Given material —
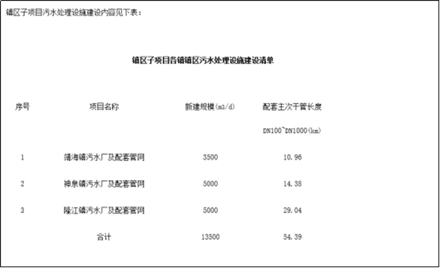 該項(xiàng)目污水處理廠及配套管網(wǎng)工程實(shí)施范圍包括靖海鎮(zhèn)、神泉鎮(zhèn)、隆江鎮(zhèn)等共3個(gè)鎮(zhèn)區(qū)范圍,污水處理工程總服務(wù)人口約9.5萬(wàn)人,新建污水處理設(shè)施總規(guī)模為1.35萬(wàn)m3/d,新建配套污水收集主次干管(DN100~DN1000)總長(zhǎng)約54.4公里,設(shè)置3個(gè)一體化預(yù)制泵站。具體如下:
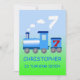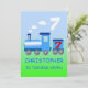 Un pequeño tren inflando el número siete. Una invitación a una fiesta de cumpleaños que puedes personalizar.
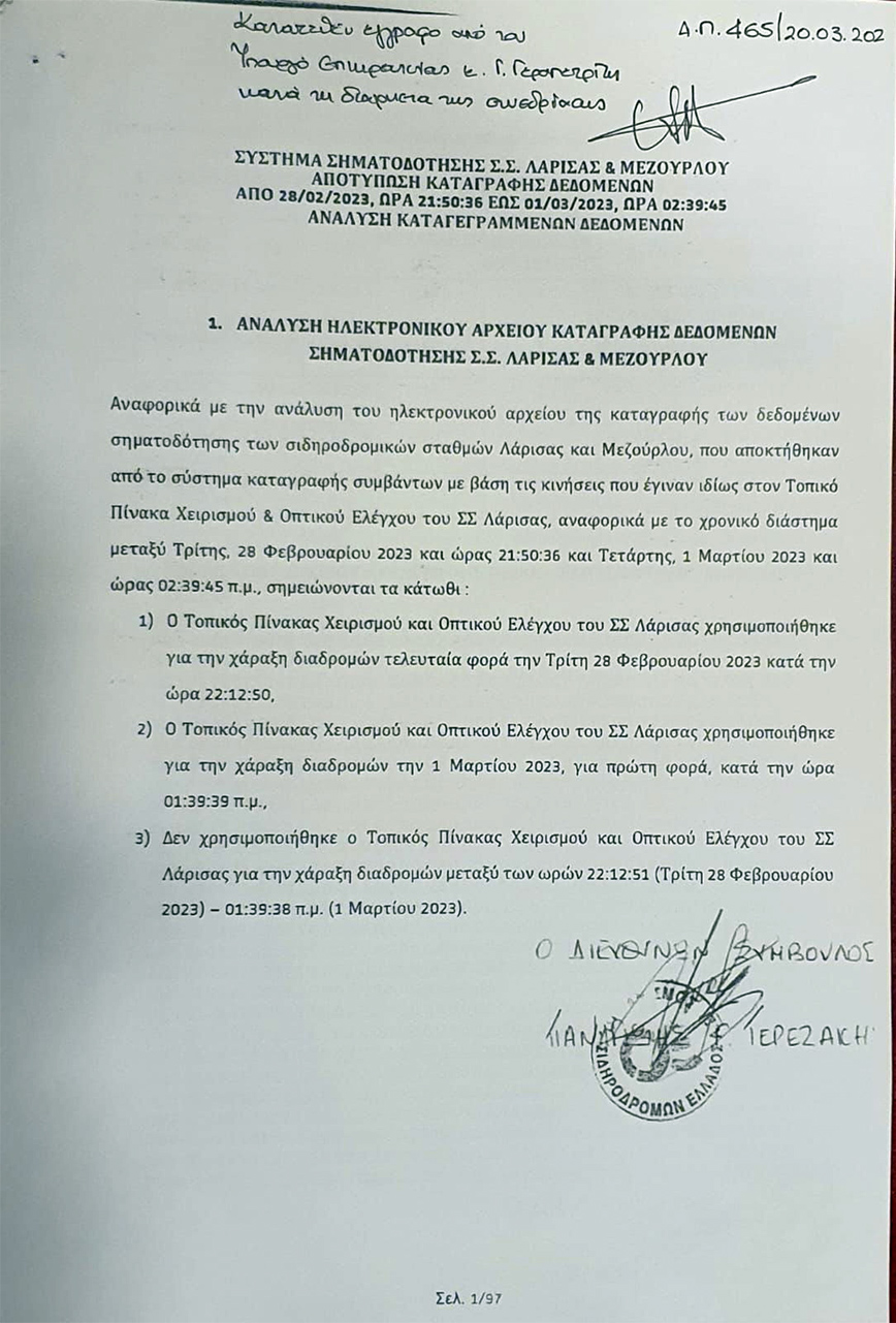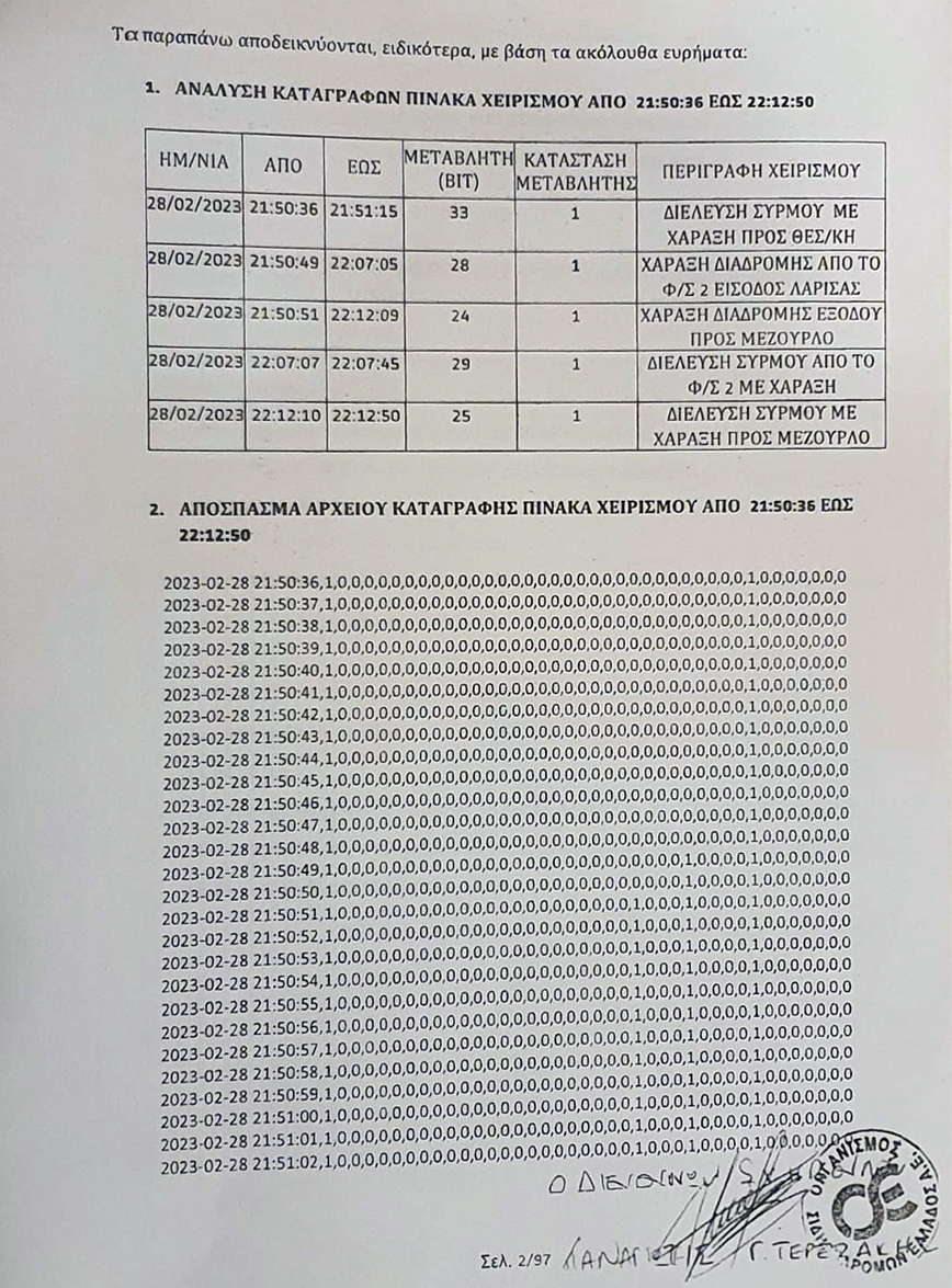 Όπως θα δείτε στο έγγραφο αποδεικνύεται ότι όλα τα δρομολόγια έγιναν με αυτόματη χάραξη εκείνη τη μέρα έως τις 22:12 πριν αναλάβει ο συγκεκριμένος Σταθμάρχης και προκαλέσει το δυστύχημα. Επιπλέον, υπήρξε και δοκιμαστικό δρομολόγιο που έγινε στη 1 τα ξημερώματα με αυτόματη χάραξη. Δηλαδή, μετά το δυστύχημα.
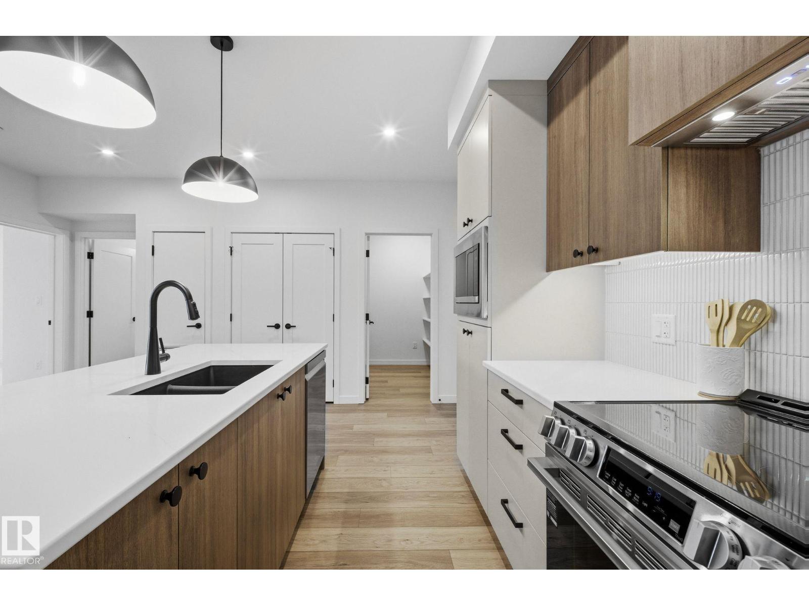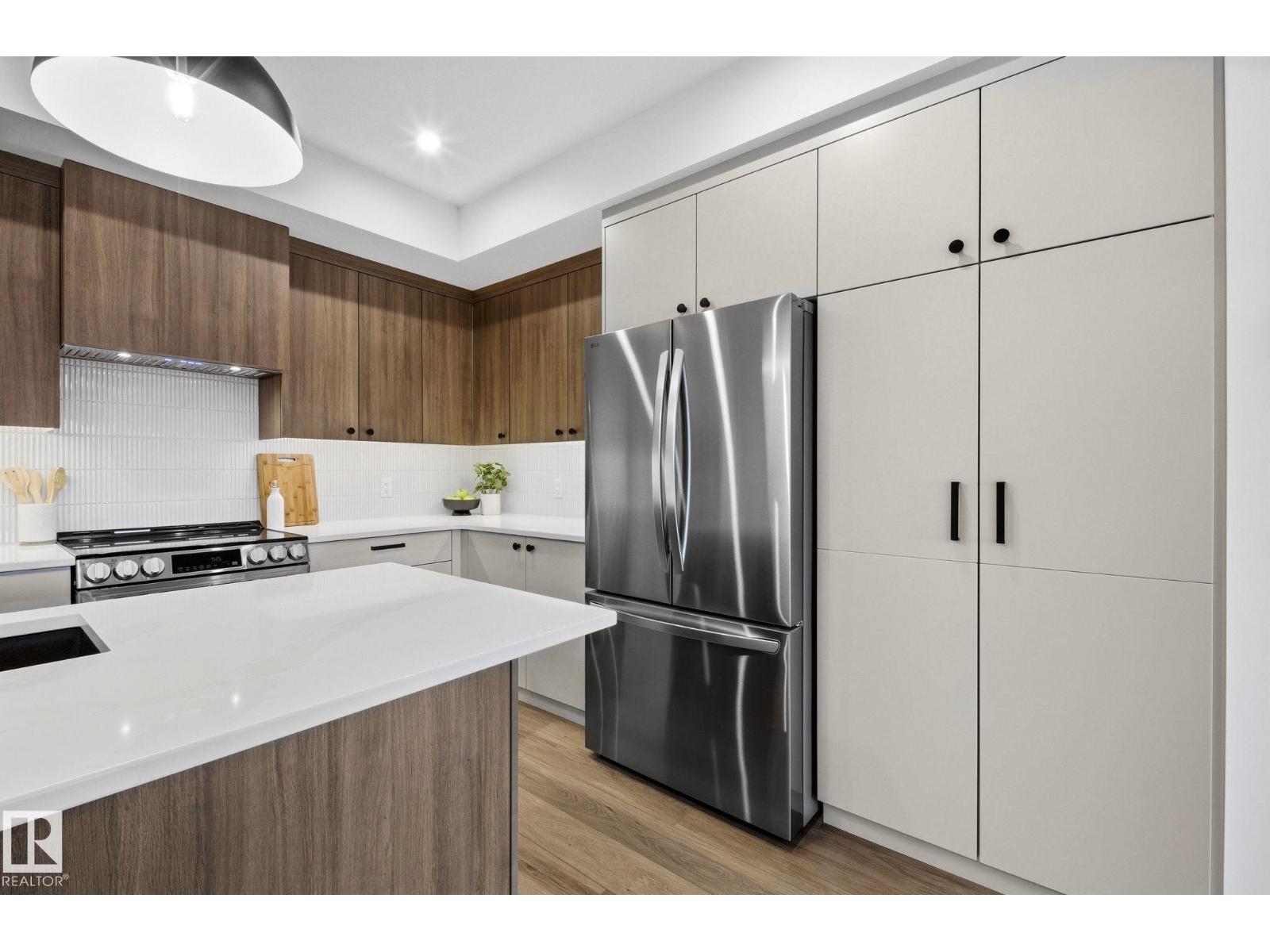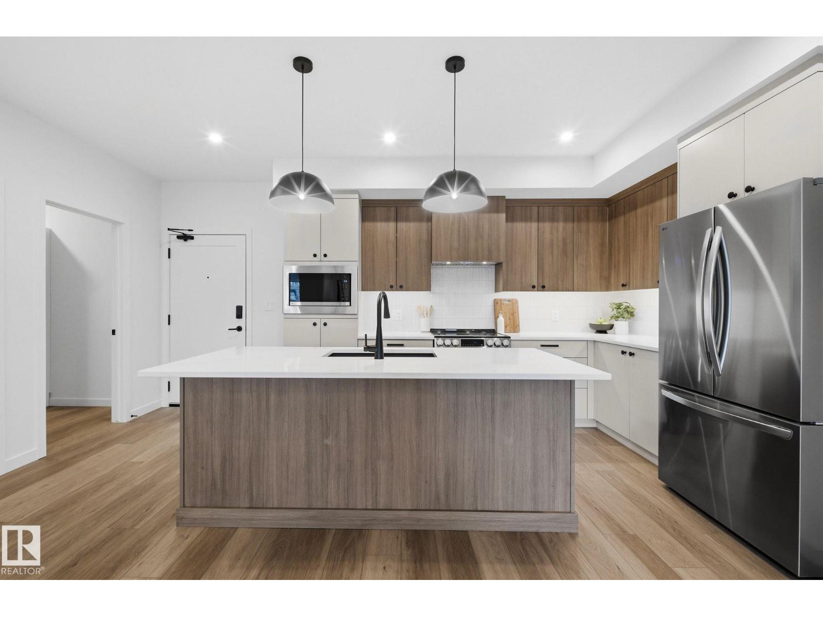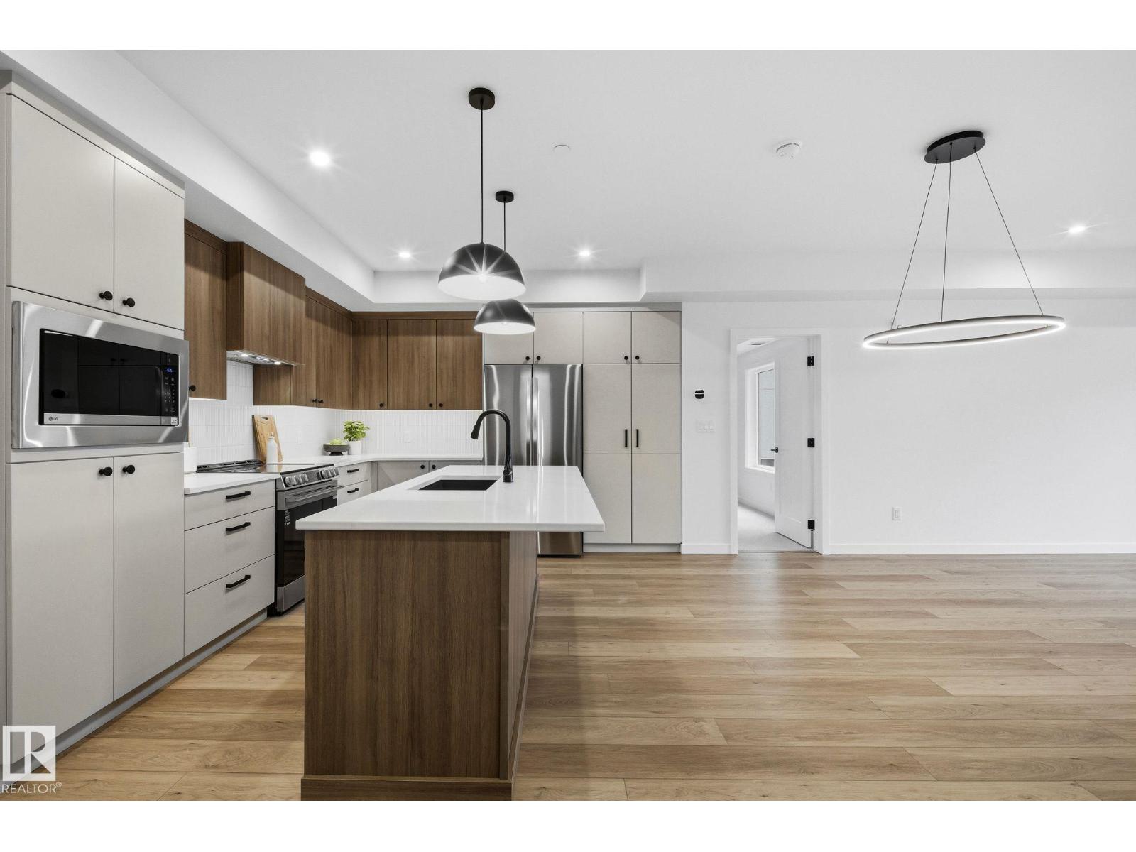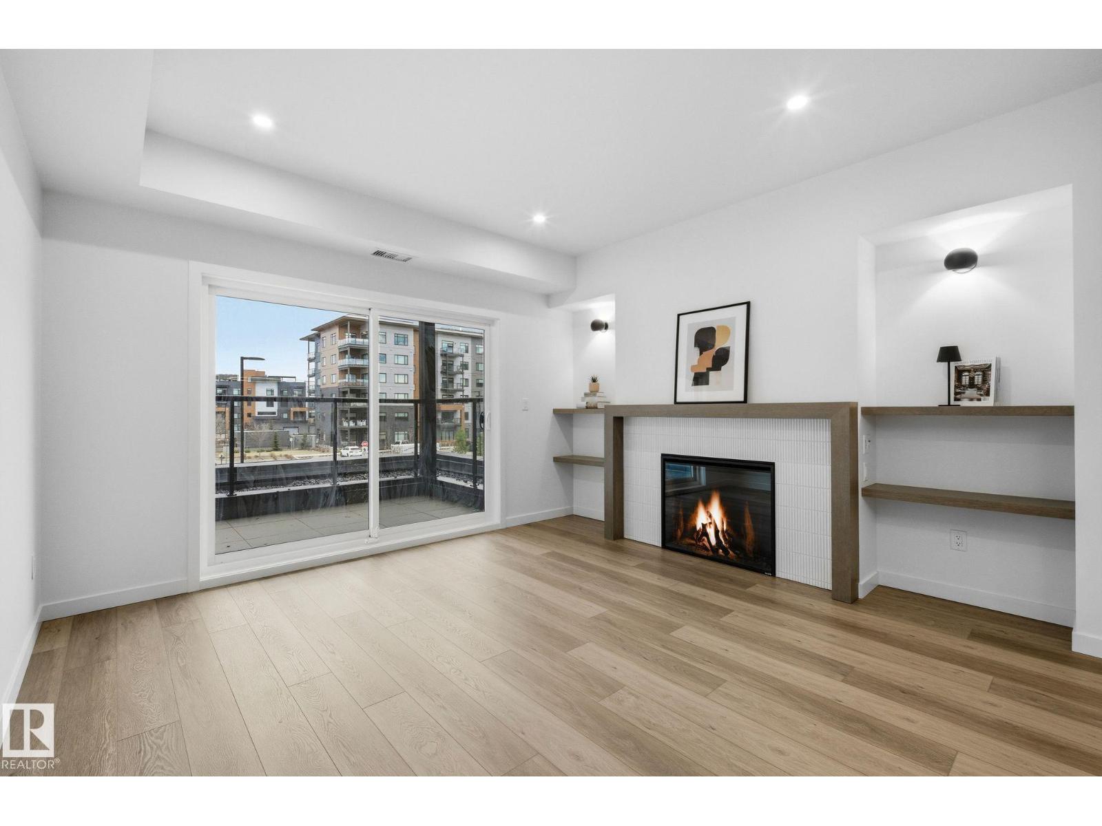 Located in the beautiful community of Magrath, near the scenic Whitemud Creek Ravine, this brand new 2 bed, 2 bath luxury condo offers the perfect blend of nature and convenience, just minutes from shopping, dining, schools, and quick access to Anthony Henday and Terwillegar Drive. This modern unit features a chef-inspired kitchen with white countertops, soft-close cabinetry, and a sleek black sink, along with luxury vinyl plank flooring throughout. Enjoy a bright open layout with an electric fireplace, built-in shelving, and access to your private balcony. The primary suite includes a walk-in closet and dual-sink ensuite with a spacious walk-in shower. Enjoy resort-style amenities including a fitness centre, lounge, games room, craft room, guest suite, and roof top patio, perfect for hosting. Condo fees include gas, water, building insurance and comes with underground heated parking. Experience luxury living with nature and miles of scenic walking trails right at your doorstep! (id:63190)

What is being asked — Each line above is to be copied verbatim. Drop any image from the copy.

Solution for this problem —
 該項(xiàng)目污水處理廠及配套管網(wǎng)工程實(shí)施范圍包括靖海鎮(zhèn)、神泉鎮(zhèn)、隆江鎮(zhèn)等共3個(gè)鎮(zhèn)區(qū)范圍,污水處理工程總服務(wù)人口約9.5萬(wàn)人,新建污水處理設(shè)施總規(guī)模為1.35萬(wàn)m3/d,新建配套污水收集主次干管(DN100~DN1000)總長(zhǎng)約54.4公里,設(shè)置3個(gè)一體化預(yù)制泵站。具體如下:
 Un pequeño tren inflando el número siete. Una invitación a una fiesta de cumpleaños que puedes personalizar.
 Όπως θα δείτε στο έγγραφο αποδεικνύεται ότι όλα τα δρομολόγια έγιναν με αυτόματη χάραξη εκείνη τη μέρα έως τις 22:12 πριν αναλάβει ο συγκεκριμένος Σταθμάρχης και προκαλέσει το δυστύχημα. Επιπλέον, υπήρξε και δοκιμαστικό δρομολόγιο που έγινε στη 1 τα ξημερώματα με αυτόματη χάραξη. Δηλαδή, μετά το δυστύχημα.
 Located in the beautiful community of Magrath, near the scenic Whitemud Creek Ravine, this brand new 2 bed, 2 bath luxury condo offers the perfect blend of nature and convenience, just minutes from shopping, dining, schools, and quick access to Anthony Henday and Terwillegar Drive. This modern unit features a chef-inspired kitchen with white countertops, soft-close cabinetry, and a sleek black sink, along with luxury vinyl plank flooring throughout. Enjoy a bright open layout with an electric fireplace, built-in shelving, and access to your private balcony. The primary suite includes a walk-in closet and dual-sink ensuite with a spacious walk-in shower. Enjoy resort-style amenities including a fitness centre, lounge, games room, craft room, guest suite, and roof top patio, perfect for hosting. Condo fees include gas, water, building insurance and comes with underground heated parking. Experience luxury living with nature and miles of scenic walking trails right at your doorstep! (id:63190)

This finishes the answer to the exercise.